How can schools measure creativity, critical thinking or other skills that might be overlooked by a standardized test? We posed the question to you in this blog about the quest for new ways to gauge student progress in San Diego Unified — and you’ve already flooded my inbox!

Miguel Valenzuela, an engineer and parent, writes that this is especially challenging “in a system that awards people for succeeding rather than failing”:

Hasn’t history taught us that most of our successes come from failures though? We constantly hear that Edison failed a bunch of times at the light bulb before he succeeded. How would we measure that in school now? “Sorry, your son failed 234 times at making a light bulb so he will have to repeat his senior year again.”
I believe if you want to measure creativity you have to ask yourself how do we not measure creativity now. We don’t measure creativity now by the use of standardized tests. … I believe we measure creativity by the use of projects, vocational type programs where we get to see how one approaches a problem and then develops a solution. We may forgo the final outcome of the project if it fails to meet the objective and instead, look at the process which took place. … We measure their success on how they approached the problem and what the learned from it.

Longtime teacher John Chase writes that the solution is “structured but open tasks” that allow for student choice and creativity while requiring them to think critically, make connections and demonstrate understanding. Chase sent three links as examples: a student video to inspire volunteerism, a music video project and 3D memorials.

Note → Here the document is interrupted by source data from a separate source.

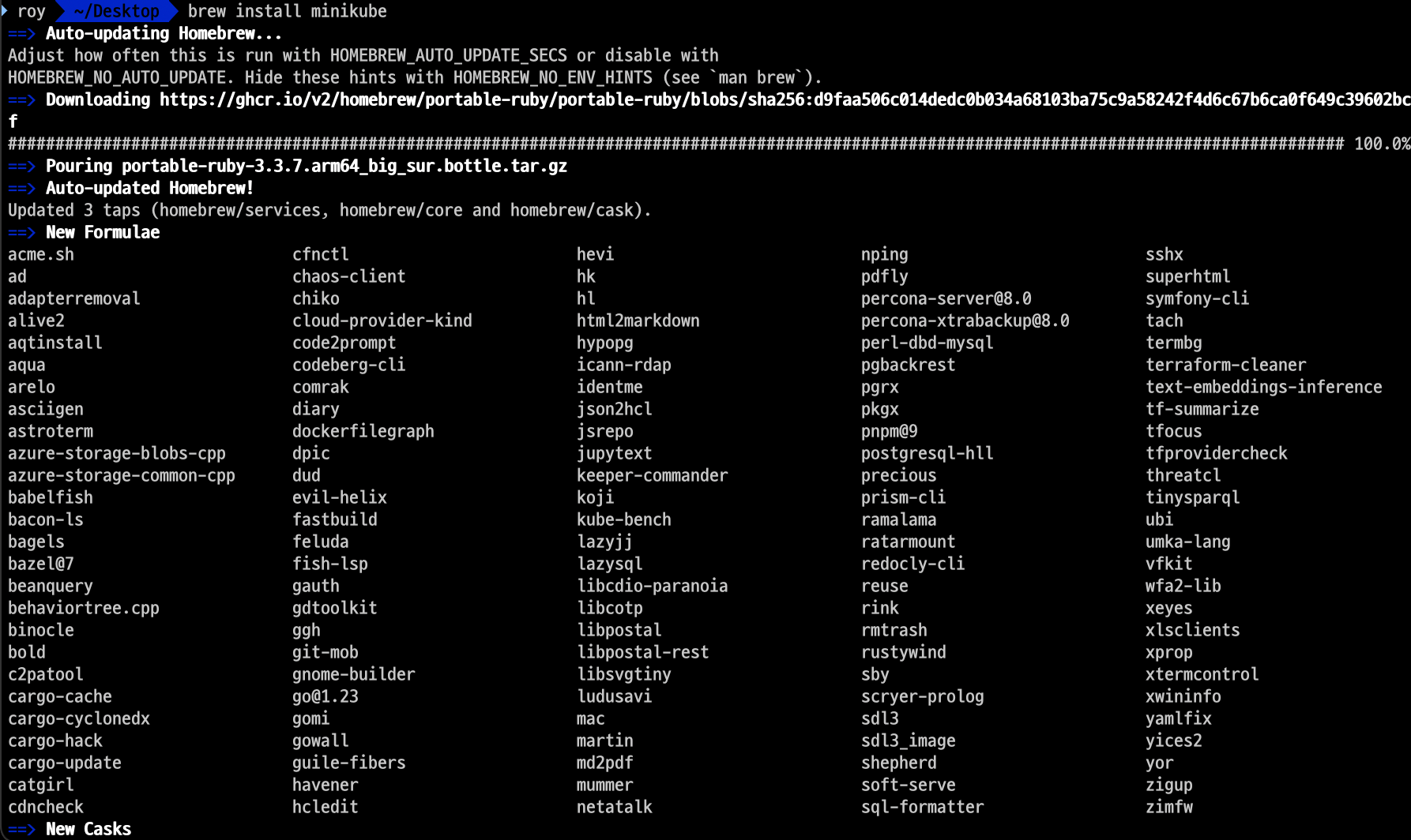 brew install minikube 명령을 입력하여 "Minikube"를 설치한다.
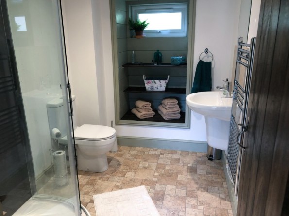 Two bedrooms: 1 x double, 1 x twin. Ground-floor shower room with shower, basin and WC, first-floor cloakroom with basin and WC. Kitchen. Sitting room with woodburning stove. Sun room with dining area.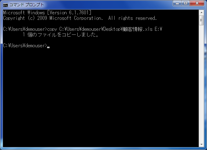 コマンドプロンプトは、その名の通りコマンドによってPCを操作する方法です。マウスなどによる操作を介さずにファイル操作等が行えるため、OSのGUI操作のみを監視し記録しているログ管理システムでは記録が残りません。

But Chase and Valenzuela both provide examples that lean heavily on teacher grading. That works well in individual classrooms, but it poses a challenge if San Diego Unified wants to scale this up and make it systematic, to evaluate how creative and critical kids are across the district. Staffers noted that that was the key problem with an earlier practice of grading student portfolios.

School board member John Lee Evans summed up the problem simply: “The things that can be most carefully measured are the least useful.”

Yet could ordinary tests do a better job at evaluating deeper skills? I tweeted this a while back, but it’s worth another look: Education Week posted this presentation on how kids in other countries are evaluated. It shows how other countries grade their students (compare and contrast pages 37 and 38) but it also shows that the more complex tests are often more expensive because they take more time to grade.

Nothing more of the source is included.